I’ve had good teachers and bad teachers. Most of the good teachers I remember were English teachers or history teachers or journalism teachers. Maybe it wasn’t the teachers who were good or bad, but my affinity for their subjects. On the other hand, my high school biology teacher was whispered to have had a fling with a senior and my high school chemistry teacher (also the cheerleading sponsor) spent our hours together monotonously reading aloud from the textbook. She might as well have been reading Greek. So maybe the teachers’ skills played as large a part as mine.
Regardless, the little science experiment that has been playing out on my kitchen counter has proved both amusing and frustrating. The tables for Dining by Design (and I am sorry if you are bored of the subject – it is likely to continue all week) are not allowed to have open flame. I like tapers. It’s not that I don’t like votives, I do, and hurricanes have their place, but I really like a tall, elegant taper.

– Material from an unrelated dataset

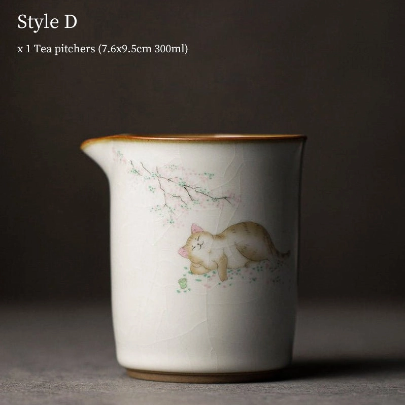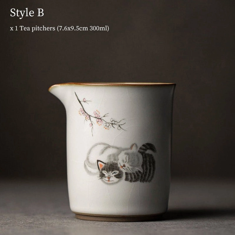 This beautiful tea pitcher blends traditional Chinese ceramic craft with modern whimsy, featuring adorable hand-drawn cat illustrations in a range of sweet poses: from napping with cherry blossoms to playing among flower branches. It’s the perfect blend of cozy cuteness and traditional tea culture, ideal for cat lovers and modern tea enthusiasts alike.

Enter the bud vase from Nell Hill’s. When I spied it I am quite sure the women around me could hear a bell go off. “I can put a taper in there. It will not be an open flame. It will be a perfectly stylish slender hurricane and I am a genius.”
So, tra la, tra la, to the register I head with my basket. Nell Hill’s manager, who was a manager of mine long ago, cautioned only that as the bud vase was not meant to hold a candle the heat might cause it to break. Good thinking. I’d check it out.
Drip, drip, drip a few drops of wax in the bottom to hold the taper steady, light the wick and wait. I was fixing dinner and helping with homework when the eldest Blandings boy said, “Oh, Mom, the candle went out.” “Did someone blow it out?” “Nope.” Huh.
I tried again. And again. With different sized candles. Out of drafts. Each and every time, regardless of the variables, the flame went out when the candle reached about two full inches from the top of the slender, genius hurricane. The boys, including Mr. Blandings, thought this was the most interesting thing I had done for a long time.
I get that the candle is not getting enough oxygen; I just don’t get why. I mean, people survive for days buried in rubble from earthquakes, it just seems that oxygen would travel a couple of inches to ensure that I have a pretty table. It’s the least oxygen could do.
I’ve asked the eldest to ask his science teacher, Mrs. T, why this would be. Mrs. T is an excellent teacher. If Mrs. T had been my science teacher I would be a modern day Curie. With stylish slender tapers to light my lab.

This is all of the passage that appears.